--- Exercise requirements ---
Please output only the lines running from the one that contains "de tops Distritais." through the last line of the data below, exactly as they stand, with no pictures.

:: Data ::

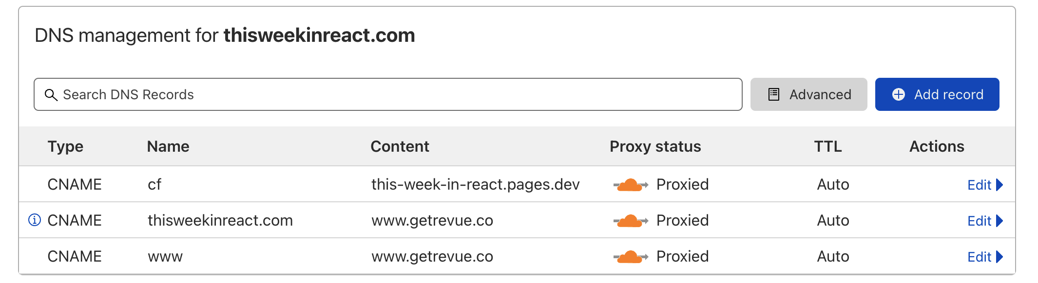 The problem was not when displaying the page, but rather when submitting the subscription form (calling Revue API with a POST request) The CF proxy was already turned on: And we can subscribe successfully with these 2 URLs (same deployment) https://cf.thisweekinreact.com/ https://this-week-in-react.pages.dev/ I did not change anything si...
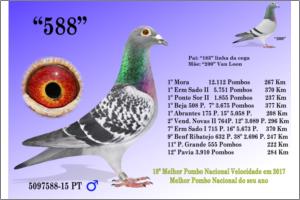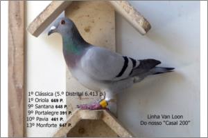"435 C200" Azul, Van Loon Pai do: 779/19: 1º Clube 411 pombos, 2º Zona N Distrital 1.874 p. e 3º Distrital Santarém contra 3.730 p. 713/19 1º Clube, 3º Bloco 1.271 p. e 9º de Zona 2.655 p. Filho do casal 200, casal a dar Super voadores e Super Reprodutores com netos de nível top Nacional. Vários irmãos deste macho já reproduziram vencedores de tops Distritais.
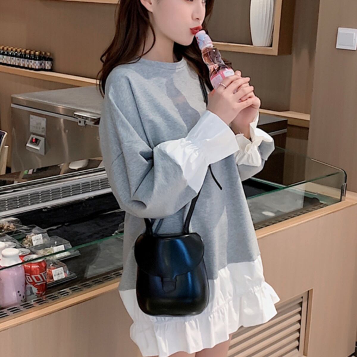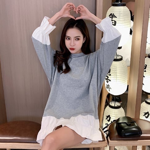 トップス トレーナー プルオーバー ミディアム丈 長袖 ラウンドネック 異素材ミックス 重ね着風 かわいい 大人可愛い きれいめ シンプル 上品 おしゃれ かっこいい レトロ ラフ ルーズ こなれ感 個性的 主役級 存在感 抜け感 秋 冬 キュート ナチュラル ベーシック ガーリー 無地 レディース 女性用 ママ OL 通勤 オフィス 学生 通学 デート お出かけ お泊まり イベント 女子会 休日 アウトドア カフェ ショッピング レストラン コンパ レイヤード 重ね着 普段使い 着回し S M L XL

:::

--- Output of the exercise ---
"435 C200" Azul, Van Loon Pai do: 779/19: 1º Clube 411 pombos, 2º Zona N Distrital 1.874 p. e 3º Distrital Santarém contra 3.730 p. 713/19 1º Clube, 3º Bloco 1.271 p. e 9º de Zona 2.655 p. Filho do casal 200, casal a dar Super voadores e Super Reprodutores com netos de nível top Nacional. Vários irmãos deste macho já reproduziram vencedores de tops Distritais.
 トップス トレーナー プルオーバー ミディアム丈 長袖 ラウンドネック 異素材ミックス 重ね着風 かわいい 大人可愛い きれいめ シンプル 上品 おしゃれ かっこいい レトロ ラフ ルーズ こなれ感 個性的 主役級 存在感 抜け感 秋 冬 キュート ナチュラル ベーシック ガーリー 無地 レディース 女性用 ママ OL 通勤 オフィス 学生 通学 デート お出かけ お泊まり イベント 女子会 休日 アウトドア カフェ ショッピング レストラン コンパ レイヤード 重ね着 普段使い 着回し S M L XL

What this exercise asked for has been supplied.